Treatment will tend to have some different features. While engaged in their addiction (at the casino, share trading or on a shopping spree) how do they disconnect their Adult and Parent ego states. They know they are going to end up broke by doing their addictive behaviour so whilst in the actual act of unwise spending they much be able to disconnect at least their Adult ego state to some degree. How they do that is critical to dealing with the addiction.
As with the drug user the regression they are prone to is also necessary to address.
For instance if the person is involved in some kind of conflict, the person is being approached sexually, or the person is required to look after a child or become responsible for some reason. If these situations result in the person feeling anxious they can deal with their anxiety by ‘running away’ and becoming child like. Once done they don’t have to deal with the here and now situation and the anxiety is avoided.
Usually the stage to which the person regresses is determined by a fixation point. As we grow through our developmental stages we usually have trouble at some of them and thus don’t completely resolve them. These are then seen as fixation points so when the person regresses they will regress to the stage at which they are fixated. That maybe 3 years old for some or 8 years old for another.
Every person is capable of regression, but some are more liable than others. There are many ways to regress. Those with significant fixations can regress spontaneously as in the situations described above. The more pressure and stress applied to a person the more likely they are to regress.
As I have written before
The mechanism of regression is supported by research in neuro-psychology as cited by Johnston (2009). When people are placed under stress they are less able to access the pre-frontal cortex of the brain which is associated with the more developed functions like problem solving, decision making and stress management (Adult ego state). Instead people tend to access the more primitive part of the brain in the amygdala (Child ego state).
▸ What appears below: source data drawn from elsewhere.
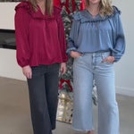 This Satin Ruffle Blouse combines lightweight luxe satin with delicate ruffle details for a flowy, effortless look. Its soft drape enhances comfort and style, making it perfect for an easy and elegant outfit for the holiday season!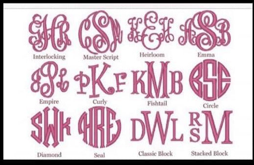 Please add Font name, Initials (first, last, middle order) and Thread color preference in notes.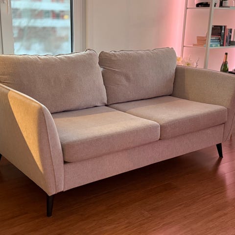 Två sits soffa från mio mörk grå säljes pga flytt, snabb affär prioriteras!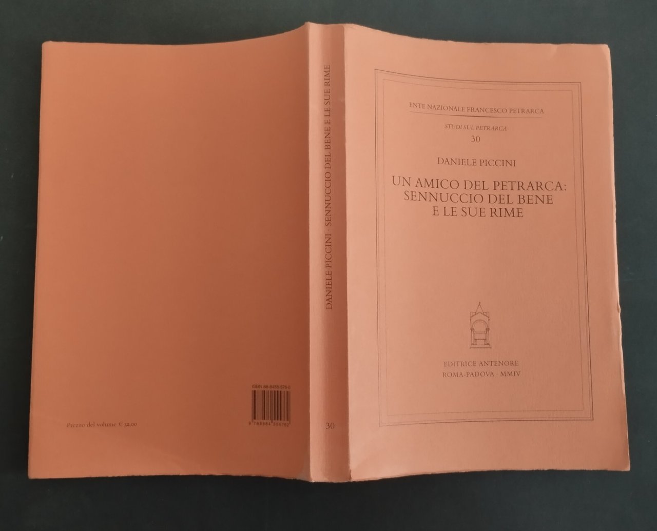 UN AMICO DEL PETRARCA SENNUCCIO DEL BENE E LE SUE RIME di Daniele Piccini. Antenore Editore, 2004. CCXIV, 103 pagine, figure in bianco e nero nel testo. Copertina editoriale in brossura. Stato di conservazione: OTTIMOLibro usato saggistica letteratura italiana poesia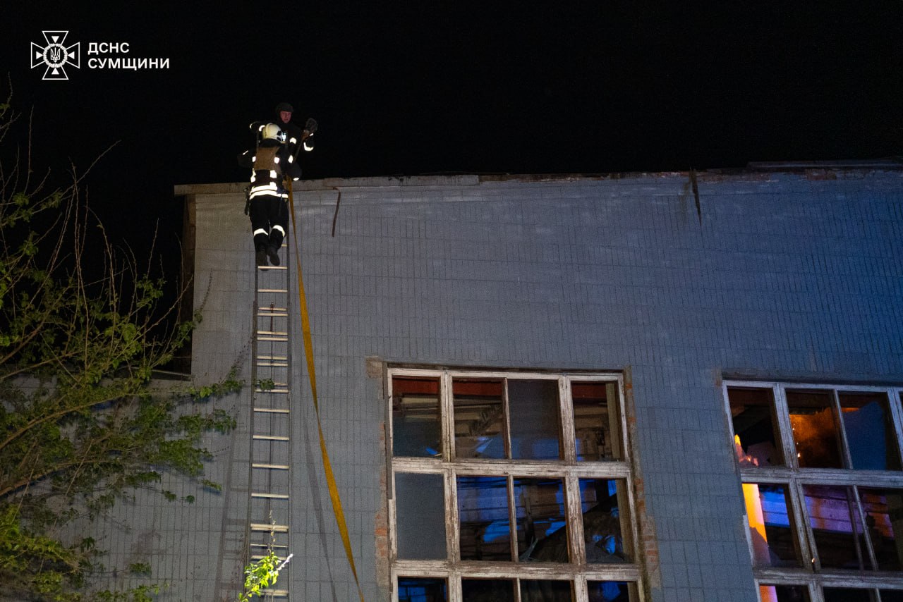 Близько 1:30 внаслідок влучання БпЛА загорілася будівля промислового підприємства, також там пошкоджений транспорт.

In psychotherapy sometimes regressive techniques such as two chair are used. Indeed the therapeutic relationship in itself will pressure the client to regress and become more child like in the relationship with the therapist.
However one of the more efficient ways to regress is to consume alcohol and drugs. When done this situation evolves.
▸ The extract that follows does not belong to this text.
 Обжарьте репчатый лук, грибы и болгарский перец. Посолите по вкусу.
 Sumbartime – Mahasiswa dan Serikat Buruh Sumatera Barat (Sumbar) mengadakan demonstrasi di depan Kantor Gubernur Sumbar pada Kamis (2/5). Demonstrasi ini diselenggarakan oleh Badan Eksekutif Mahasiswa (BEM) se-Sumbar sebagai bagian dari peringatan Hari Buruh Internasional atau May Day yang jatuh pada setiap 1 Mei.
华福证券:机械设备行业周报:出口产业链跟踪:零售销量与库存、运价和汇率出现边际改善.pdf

Firstly the alcohol will diminish the Parent ego state and the person becomes disinhibited. The Parent ego state makes us behave in socially appropriate ways and thus people can become aggressive when drinking because their prohibitions against physically hitting out are diminished.
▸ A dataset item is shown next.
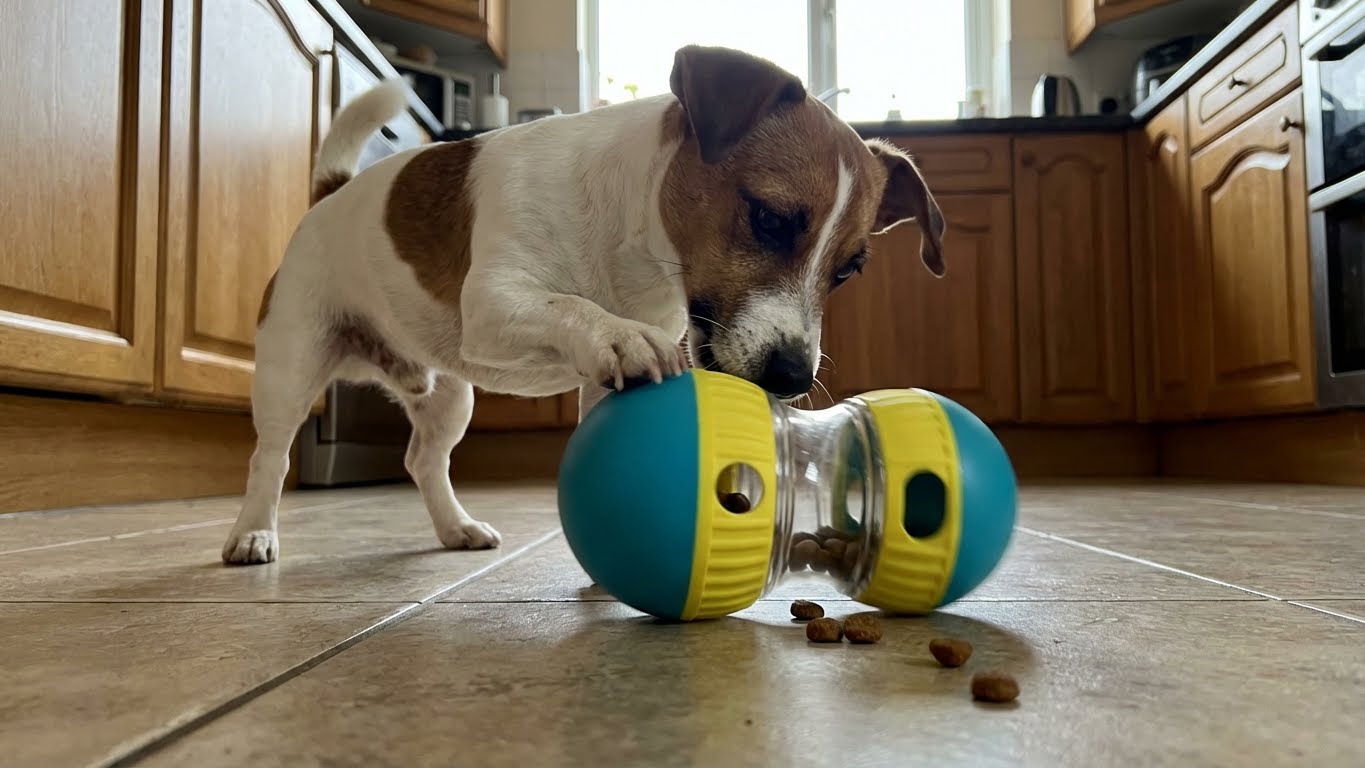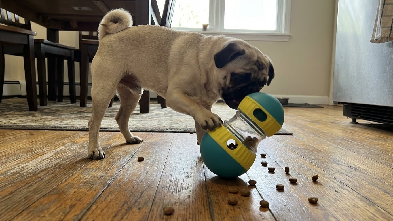 Turns feeding into a game. My dog enjoys it and no longer rushes through meals.

This is also the reason why some men like their female ‘dates’ to drink alcohol because they know it will lower the woman’s own internal prohibitions about sexual behaviour.
With more consumption of the drug the Adult ego state is then decathected such that one is only left with the Child ego state and the regression is complete. Thus we have the link between drug use and the mechanism of regression. It seems reasonable to conclude that some drug users may have this motivation in their substance use. They are unconsciously motivated to regress.
If this is the case then there are treatment implications. As mentioned before the person will regress to that stage of development where they are fixated. Their normal psychological development for some reason got stuck at a particular stage and thus the Free Child seeks to return to that stage in the hope that somehow it will be resolved this time around.
The chronic alcohol user is often fixated at the oral stage of development which would require some kind of therapeutic resolution of the fixation there. That is to work through the developmental issues relevant to that stage with the therapist. If the person is using drugs for the need to regress then one would not expect the usual behavioural techniques to be all that effective.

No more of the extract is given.